What is the alternative to prenatal testing?

Prenatal screening tests

Prenatal screening tests are designed to provide you with information related to the genetic health of your baby. By better understanding of the screening options, you can make an informed decision about which test is best for you. Your gynecologist will provide you with additional information about the test options.

Prenatal screening tests:

Assess the risk for certain conditions in the pregnancy
Are safe for the pregnancy
They are followed by additional tests, if a diagnosis is needed
Can be taken as early as from the 10th week of pregnancy

Qualified® prenatal test

The Qualified® test is a highly reliable test for determining trisomy of chromosomes 21, 18 and 13. It can also provide information about other chromosomes as well as on structural abnormalities (microdeletions and duplications). The test can also be used to determine the sex of the baby and the disorder in the number of the sex chromosomes (X, Y).

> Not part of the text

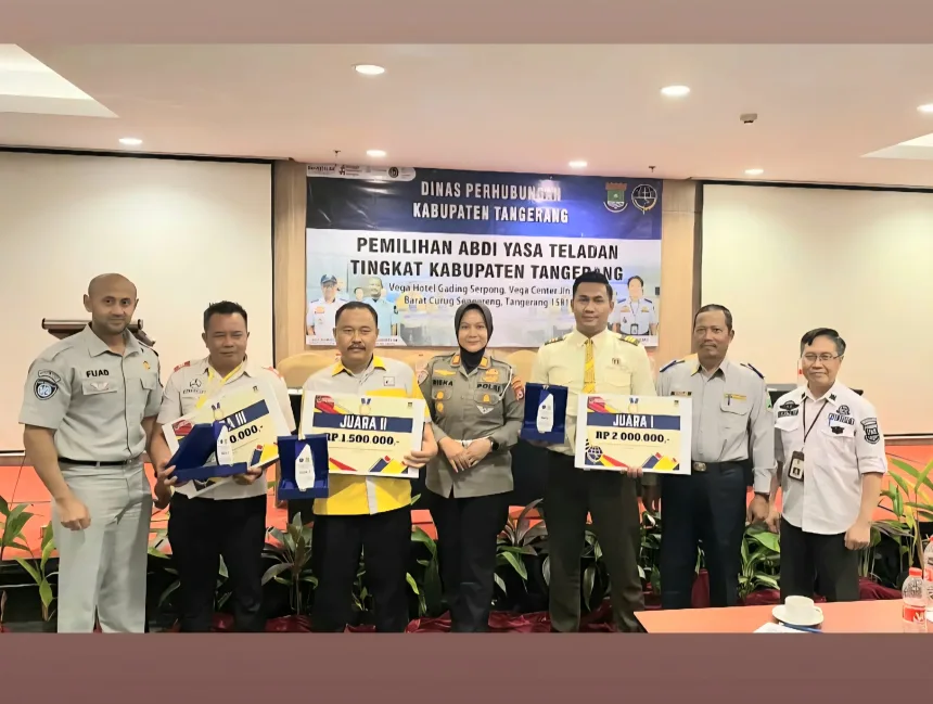 Tangerang, bantenpedia.id – PT Jasa Raharja Cabang Tangerang turut berpartisipasi dalam kegiatan pembinaan dan pemilihan Abdi Yasa Teladan tahun 2025 yang digelar oleh Dinas Perhubungan Kabupaten Tangerang pada hari Rabu, 18 Juni 2025 di Hotel Vega Gading Serpong, Tangerang. Kegiatan ini dibuka oleh Kepala Dinas Perhubungan Kabupaten Tangerang, Drs. H. Ahmad Taufiq, M.Si yang menyampaikan bahwa acara ini merupakan upaya kita bersama untuk meningkatkan profesionalisme dan keselamatan pengemudi angkutan umum di Kabupaten Tangerang. Turut pula hadir dalam acara ini Kasat Lantas Polresta Tangerang, AKP Riska Tri Aditia, S.IK, MM, Kepala Seksi Ketertiban dan Keselamatan Dinas Perhubungan Provinsi Banten, Kholid, S.Ag.

In the event of a positive result (detected abnormality) in the Qualified prenatal test, an invasive diagnostic test should be done next in order to confirm the results. Depending on the gestational age of the pregnancy, the following methods are available:

Chorionic villus sampling CVS

Chorionic villus sampling is an invasive diagnostic procedure during which a sample of fetal placenta tissue (chorionic villi) is taken with a long needle under the ultrasound-guided procedure. The genetic laboratory then takes that sample to analyze the chromosomes. The mother can undergo this procedure in between the 10th and the 13th week of pregnancy. The risk of a miscarriage after the procedure is from 1/140 to 1/ 4500.

Amniocentesis

Amniotic fluid, which is around your baby, is collected by using a long needle in the ultrasound-guided procedure. Then, the baby’s cells from that fluid are analyzed in the genetic laboratory. The procedure is usually performed in between 15th and 20th week of pregnancy. The risk of a miscarriage after the amniocentesis is from 1/160 to 1/9000.

Cordocentesis

Cordocentesis is an invasive procedure in which a fetal blood sample is taken from the umbilical cord. Its purpose is to establish a definite diagnosis (if prenatal tests, expert ultrasound, or amniocentesis cannot establish an accurate diagnosis) or if you are late for an amniocentesis. Rarely, it is used to check the appearance and number of chromosomes (karyotyping). It is done after the 20th week of pregnancy. The procedure takes from 30 to 60 minutes. Complications may occur in 1-3% of cases.